# Hobbies?



## livelaughlovenow (Apr 23, 2012)

What is your hobby? What about your spouse?
_Posted via Mobile Device_


----------



## thegatewalker (Apr 29, 2012)

I program and also games 
spouse reading and writing collecting buttons and arts and crafts.


----------



## onehotmama (Apr 13, 2012)

Reading, cooking, scrapbooking.. My spouse mostly just sits in front of the computer, unfortunately.
_Posted via Mobile Device_


----------



## 827Aug (Apr 27, 2008)

I really have a lot. Horses, gardening, flowers (specifically irises, Christmas cacti, gladioluses, & day lilies), artwork, and many craft type things. My estranged husband always had a lot of hobbies too. The problem was that we never really shared any common hobbies.


----------



## In_The_Wind (Feb 17, 2012)

Mine is exercising and working on my motorcycle my spouse is going to school lol.she is finishing up her nurse practioner license she does like to go to the movies when she can and she loves to decorate
When she has time
_Posted via Mobile Device_


----------



## waiwera (Sep 8, 2009)

Mine - Dancing...middle eastern mainly but also fire poi and a bit of burlesque (sp?).
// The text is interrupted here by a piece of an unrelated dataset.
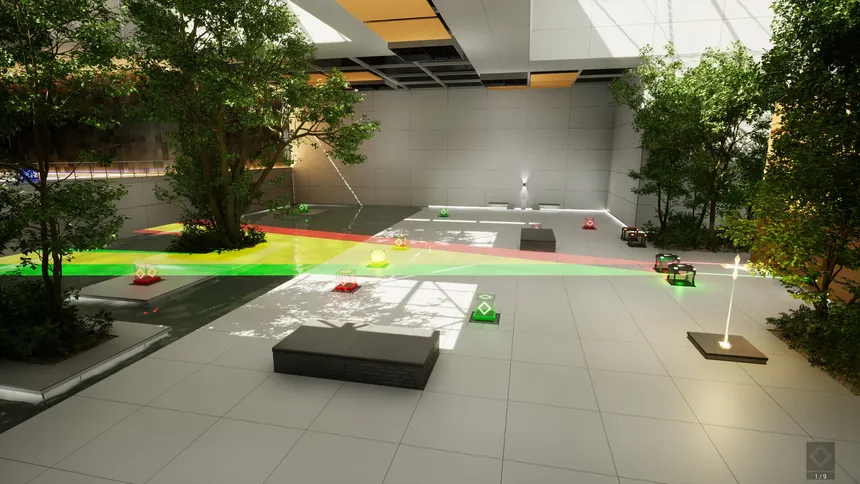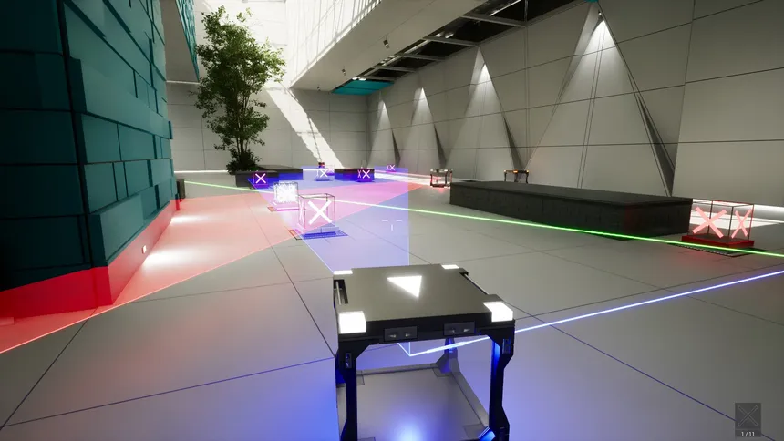 ReThink | Evolved Free is a free first person puzzle game in a peaceful futuristic setting, that features a variety of Puzzles that utilize Lasers and the behavior of light and it's colors to create challenging problems to solve. The game features a somewhat toned down difficulty progression.

With hubby - earth building, bee keeping, kayaking and fishing.

We live on a small farm where we grow lots of food (veges, herbs, fruit) and rear small animals which we both enjoy and learn about together.. so it's a hobby/lifestyle.


----------



## Gaia (Apr 27, 2012)

thegatewalker said:


> I program and also games
> spouse reading and writing collecting buttons and arts and crafts.



Add in hiking, gardening, (loves horses to but currently don't have any)horseback riding, camping, collecting beads, ect to the spouse part mr gate...


----------